In order to check which value is used it is necessary to execute command:
dmsetup table DEVICE_NAME
# DEVICE_NAME could be for example /dev/dm-10
Command returns following output:
0 41943040 multipath 0 0 1 1 round-robin 0 2 1 8:112 4 8:144 4
Numbers like 8:112and 8:144are major:minor and value just after them is the one that multipath sets for minimum I/O before switching to next path. Above output was obtained for configuration that had two paths in group. In my case this value is same as value set to rr_min_io_rq. Of course I switched it several times and each time same value was set in dmsetup as the one I put in multipath configuration. One more test was performed but this time multipath was created on SATA disk. Also in this case rr_min_io_rq was used. This agrees with my assumption that currently only request based multipaths are created.

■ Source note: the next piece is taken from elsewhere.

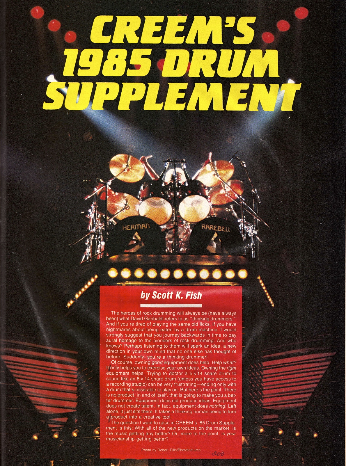 SKF NOTE: A once popular, now out-of-business, CREEM magazine hired me to produce American’s Only Rock ‘n’ Roll Magazine‘s 1985 Drum Supplement. It was a lot of work. From acoustic and electronic drumsets (high-end and budget), to cymbals, to hardware, to accessories, I had to decide what drum products to include.

Default value for rr_min_io_rq is 1 and for rr_min_io is 1000.
Path weight
This option allows to select method used to assign weight to paths in a group. At the beginning available settings are explained and after that is actual explanation what this option is for (to some extent it is assumption). Setting allows two values:
- Uniform(default) - all paths has same weight.
- Priorities- weight of each path is calculated by multiplying path priority times rr_min_io_rq (or rr_min_io if it is used but as explained in previous section rather not).
Now it is required to explain what is a purpose of path weight. Most probably it is used in weighted round robin algorithm that calculates how much data should be send through particular path in active path group. Path with higher weight is considered to be faster than path with lower weight. Algorithm simply send more data through path with higher weight in order to better balance load. In case of uniform setting use of weighted round robin algorithm is technically disabled because each patch has same weight. In case of priorities weight makes actual impact only if multipath set different priorities to particular paths. Because if priorities have the same value then also weight of each path is different and rr_min_io_rq can be set for whole multipath only but not for single path. See path priority routineto check how multipath can assign priorities to paths.